━━ DATA SHOWN ━━

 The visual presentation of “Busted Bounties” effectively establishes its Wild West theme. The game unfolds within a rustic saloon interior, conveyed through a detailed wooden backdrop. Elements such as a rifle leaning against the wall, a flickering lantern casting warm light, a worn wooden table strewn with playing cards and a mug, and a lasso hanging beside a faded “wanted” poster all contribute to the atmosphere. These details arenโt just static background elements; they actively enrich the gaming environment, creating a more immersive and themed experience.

━━━
━━ DATA SHOWN ━━

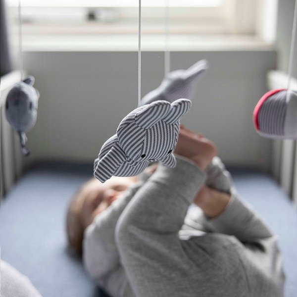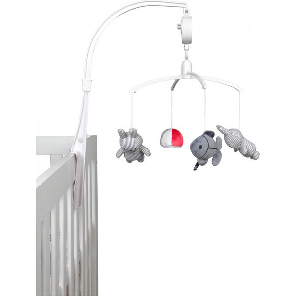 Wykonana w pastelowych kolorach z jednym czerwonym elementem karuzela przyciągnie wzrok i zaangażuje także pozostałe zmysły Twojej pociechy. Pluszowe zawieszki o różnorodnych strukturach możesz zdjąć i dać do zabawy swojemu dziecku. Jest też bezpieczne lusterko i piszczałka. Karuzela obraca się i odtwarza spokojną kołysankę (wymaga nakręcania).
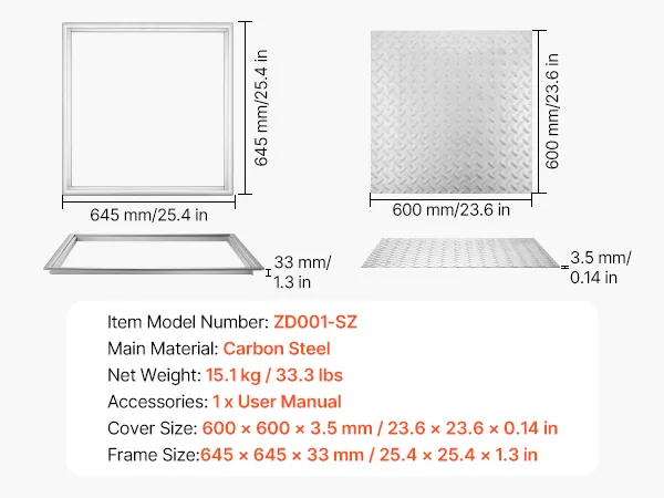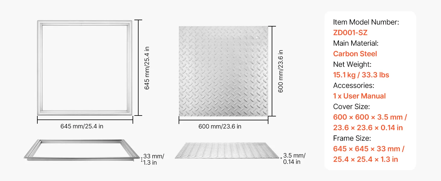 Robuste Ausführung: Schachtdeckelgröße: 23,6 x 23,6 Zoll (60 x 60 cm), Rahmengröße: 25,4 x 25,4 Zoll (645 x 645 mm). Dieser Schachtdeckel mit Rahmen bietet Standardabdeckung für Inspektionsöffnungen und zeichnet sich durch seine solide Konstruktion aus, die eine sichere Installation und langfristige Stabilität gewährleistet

━━━
━━ DATA SHOWN ━━

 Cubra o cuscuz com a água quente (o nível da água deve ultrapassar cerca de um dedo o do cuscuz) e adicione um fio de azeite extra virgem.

━━━

*WHAT IS EXPECTED*: When you reach the line holding "Wykonana w pastelowych" in the listing above, begin retyping exactly, and stop once the line holding "Robuste Ausführung: Schachtdeckelgröße: 23,6" is done; pictures stay out.

*RESPONSE*:
 Wykonana w pastelowych kolorach z jednym czerwonym elementem karuzela przyciągnie wzrok i zaangażuje także pozostałe zmysły Twojej pociechy. Pluszowe zawieszki o różnorodnych strukturach możesz zdjąć i dać do zabawy swojemu dziecku. Jest też bezpieczne lusterko i piszczałka. Karuzela obraca się i odtwarza spokojną kołysankę (wymaga nakręcania).
 Robuste Ausführung: Schachtdeckelgröße: 23,6 x 23,6 Zoll (60 x 60 cm), Rahmengröße: 25,4 x 25,4 Zoll (645 x 645 mm). Dieser Schachtdeckel mit Rahmen bietet Standardabdeckung für Inspektionsöffnungen und zeichnet sich durch seine solide Konstruktion aus, die eine sichere Installation und langfristige Stabilität gewährleistet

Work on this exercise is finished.